What you should end up with is an exact copy of the lines from the one holding "โมลาโซเมะ ผู้ห" through the last line of the entries below, both included, and nothing else; leave every picture out.
+++ Extracted information +++
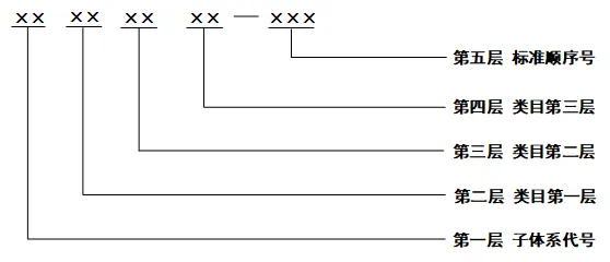 中医药标准体系的层次编号和标准代号采用二节式,以短横线分开,前面的是层次序列子体系代号和类目代号,后面的是顺序号。中医药标准体系编号结构如图2所示。
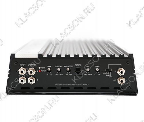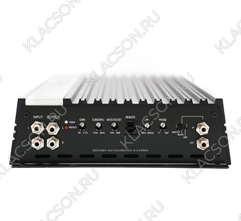 Лучший вариант схематехники, разработанный на базе производства в Южной Корее Стабильно работает на нагрузку 1 Ом. Мощность 3000 Вт на нагрузку 1 Ом, при напряжении 14.8 вольта и К.Н.И. на уровне ~5%, что является нормой для сабвуферного звена. Дистанционный регулятор уровня входной чувствительности имеет светодиодный индикатор превышения порога допустимых искажений. Возможна работа в режиме «мостового включения»
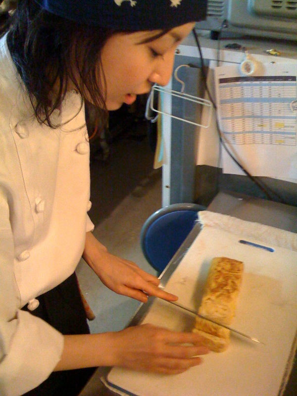 久しく中断しておりました、キッチンスタッフくろちゃんの玉子焼き修行、本日 からまた再開されまして、その第一弾…しばらく焼かなかったとはいえ、料理の 腕が上がった分は確実に上手くなってますよ!免許皆伝も遠くはない!楽しみ 〜。(お)
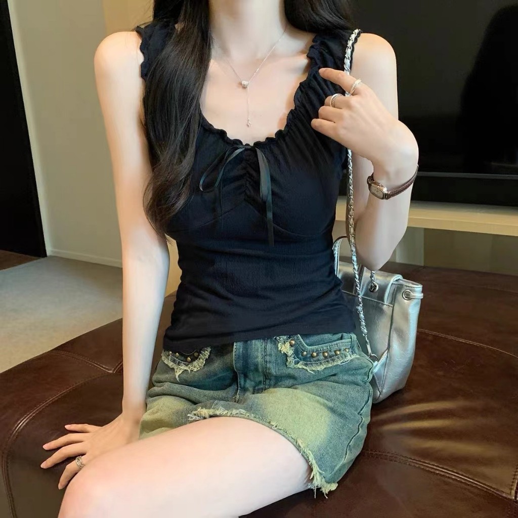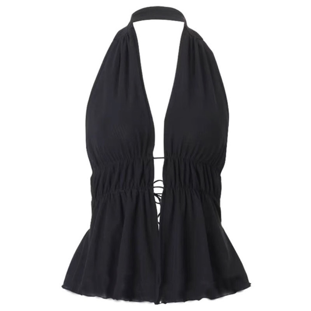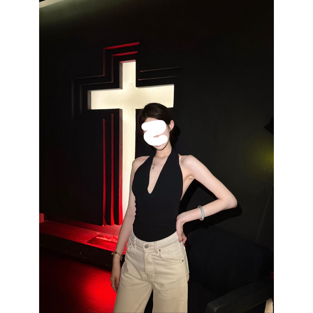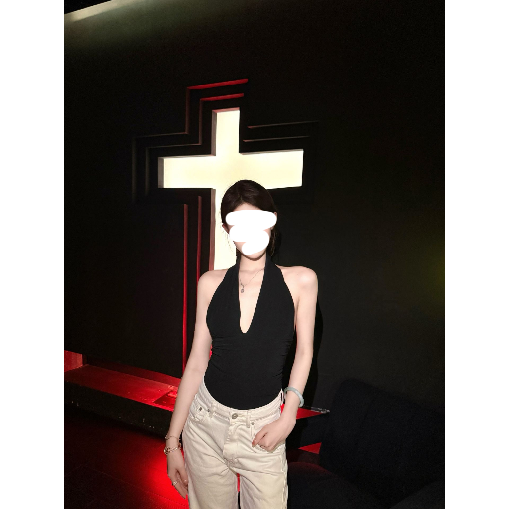 โมลาโซเมะ ผู้หญิงแฟชั่นใหม่สีทึบเชือกแขวนคอคอเสื้อกล้ามแขนกุด
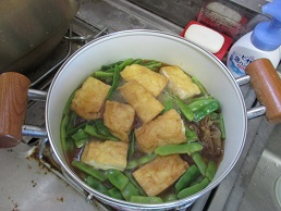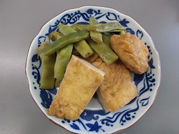 厚揚げとインゲンの煮物。家庭の味ですね。
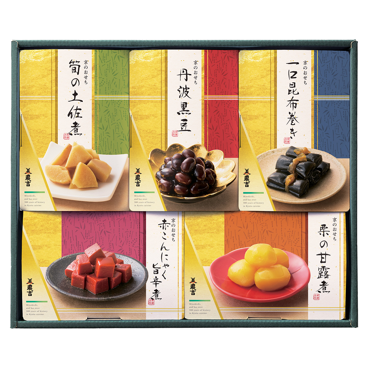 ●内容:丹波黒豆・栗の甘露煮・一口昆布巻き・赤こんにゃく旨煮 各60g、筍の土佐煮40g●商品に含まれるアレルギー特定原材料8品目:小麦>>東急百貨店のお歳暮・ウィンターギフト 惣菜・調理品ほか 商品一覧>>東急百貨店のお歳暮・ウィンターギフト 京料理 美濃吉 商品一覧>>東急百貨店のお歳暮・ウィンターギフト2025ページ◎こちらの商品はクリスマス包装が可能です。クリスマス包装をご希望の場合は、ご注文の際にご用向き一覧から「クリスマス包装(12/22お届け)」「クリスマス包装(12/23お届け)」「クリスマス包装(12/24お届け)」のいずれかをお選びください。(クリスマス包装の承りは12月12日(金)12時までとさせていただきます。)※画像はイメージです。
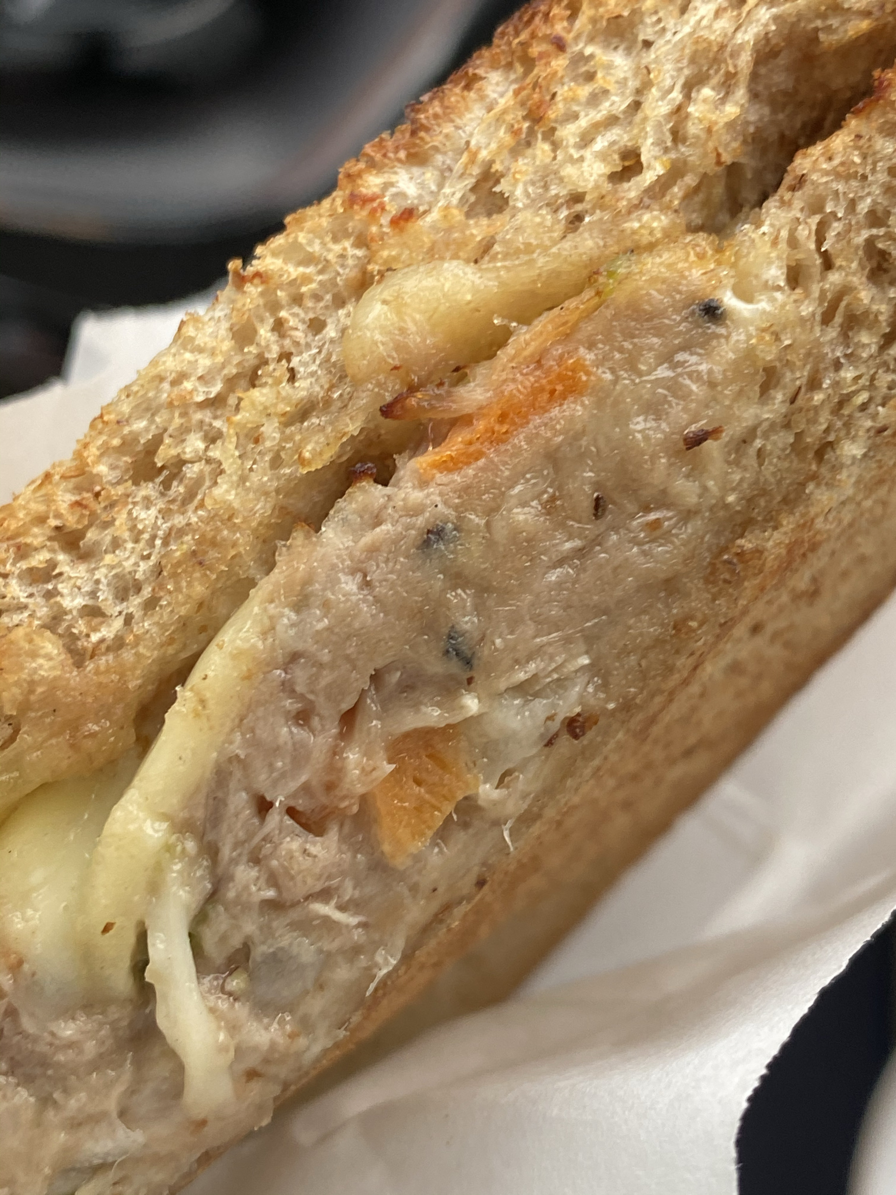 没有热到位,冷冰冰的疫情期间现在只能打包带走。金枪鱼三明治加热到位很好吃披萨。做成这样的味道,无语了
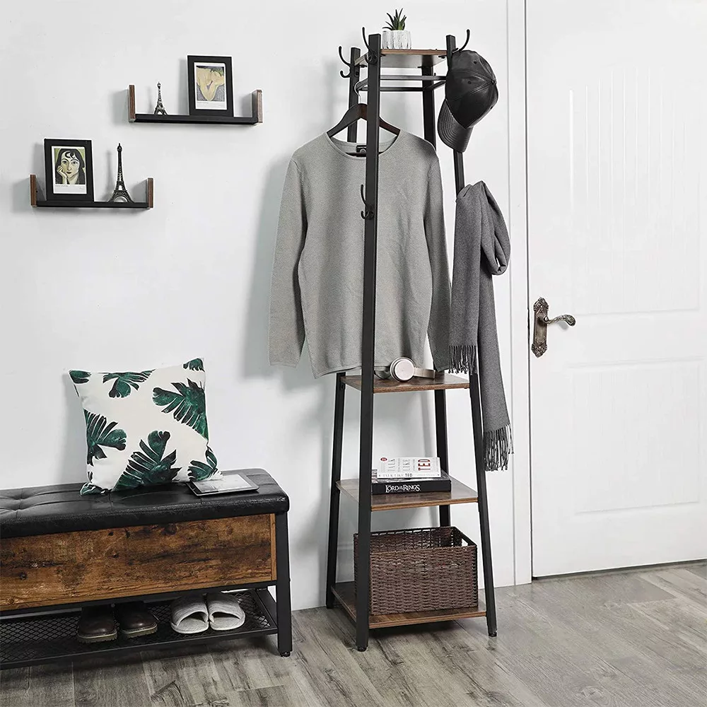 Kombinace ocelového rámu v industriálním stylu a rustikálních polic vytváří moderní, ale útulnou atmosféru. Stojan není jen užitečným úložným řešením, ale také výrazným kouskem domácího dekoru, který okamžitě vylepší vstup nebo roh obývacího pokoje.
+++
Problem solution ▸
 โมลาโซเมะ ผู้หญิงแฟชั่นใหม่สีทึบเชือกแขวนคอคอเสื้อกล้ามแขนกุด
 厚揚げとインゲンの煮物。家庭の味ですね。
 ●内容:丹波黒豆・栗の甘露煮・一口昆布巻き・赤こんにゃく旨煮 各60g、筍の土佐煮40g●商品に含まれるアレルギー特定原材料8品目:小麦>>東急百貨店のお歳暮・ウィンターギフト 惣菜・調理品ほか 商品一覧>>東急百貨店のお歳暮・ウィンターギフト 京料理 美濃吉 商品一覧>>東急百貨店のお歳暮・ウィンターギフト2025ページ◎こちらの商品はクリスマス包装が可能です。クリスマス包装をご希望の場合は、ご注文の際にご用向き一覧から「クリスマス包装(12/22お届け)」「クリスマス包装(12/23お届け)」「クリスマス包装(12/24お届け)」のいずれかをお選びください。(クリスマス包装の承りは12月12日(金)12時までとさせていただきます。)※画像はイメージです。
 没有热到位,冷冰冰的疫情期间现在只能打包带走。金枪鱼三明治加热到位很好吃披萨。做成这样的味道,无语了
 Kombinace ocelového rámu v industriálním stylu a rustikálních polic vytváří moderní, ale útulnou atmosféru. Stojan není jen užitečným úložným řešením, ale také výrazným kouskem domácího dekoru, který okamžitě vylepší vstup nebo roh obývacího pokoje.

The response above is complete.